Self-shock is potentially more discomforting for the sojourner simply because the ambiguities are about the Self, and not the Other. As Prescott Lecky (1968) pointed out, the Self is the "central axiom" for the individual's whole life theory. Thus, self-shock can become a global sense of wrongness associated with the "free-floating anxiety" that many sojourners experience (Furnham & Bochner, 1986). Also, because self-shock strikes at the core, the central axiom, whatever intercultural "need" there may be to learn about the Other will take a back seat to the need to reintegrate and defend the core. This explains why defensive communication postures are so prevalent and why learning postures can be so difficult for sojourners to maintain. The need to understand the Self takes prescience to the need to understand the Other.
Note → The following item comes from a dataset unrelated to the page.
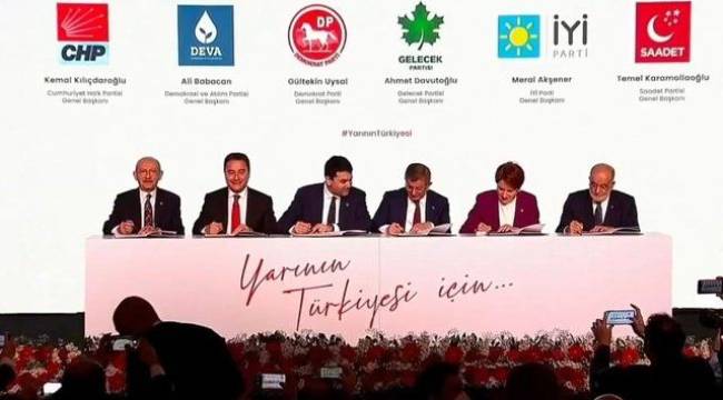 CHP, İYİ Parti, Saadet Partisi, Gelecek Partisi, Demokrat Parti ve DEVA Partisi’nin genel başkanları Ankara Bilkent Otel'de düzenlenen 'Yarının Türkiye'si için Güçlendirilmiş Parlamenter Sistem' sunumu ve imza törenine katılarak. Ortak metne imza attı. Toplantıda, yazarlar, akademisyenler, meslek ve kadın örgütleri, sendikalar ile STK temsilcileri de yer alıyor. 6 siyasi partiden toplam 300 siyasetçi de programda hazır bulundu.

As Hamachek (1971, p.95) observed, it is when we cannot predict our own behavior, not others, that we get most anxious.
The root of self-shock lies in the intimate relationship among Self, behavior and Other and the various assumptions that we hold out-of awareness. The intra-cultural survey highlighted that both behavior and the relationship with the Other play an important role in an individual's ability to maintain consistent, recognizable self-identities. This out-of-awareness ability is challenged in the intercultural context.
In the intra-cultural setting, the relationship between self, behavior and other appears to be a complementary one -- behaviors are used to create and maintain self-identities and the relationship between self and others is based on a shared understanding of what behavior means. In the intercultural context, because of behavioral ambiguity, the intimate relationship between behavior, self and other becomes strained or contradictory. This strained relationship impacts upon the individual's ability to maintain consistent, recognizable self- identities, leading ultimately to self-shock. There are three dimensions in which we can see the process of self-shock evolve. The three dimensions are extensions of self-concept theory applied to the intercultural communication process.
The first dimension of self-shock relates back to the notion of self-attribution based on observing one's behavior (Bem, 1972). In the intercultural setting the individual strains to use and control behaviors in a manner consistent with self- identities. Because the intercultural setting has variable meanings for behaviors, the individual may find his or her behavior producing inconsistent self-images. The newness of the environment can also make even duplicating the simplest of behaviors seem awkward or unnatural. The behaviors reflects upon the Self. An painful example would be wife of an overseas business executive who considers herself to be a gourmet chef, yet cannot boil water right in the new environment. Festinger's social comparison theory helps further explain the self-doubt based on observing behavior. Sojourners often compare their awkward behavior with that the members of the host culture. As Brislin (1982) noted, many (adult) sojourners find their behavior skills comparable to those of the host culture children.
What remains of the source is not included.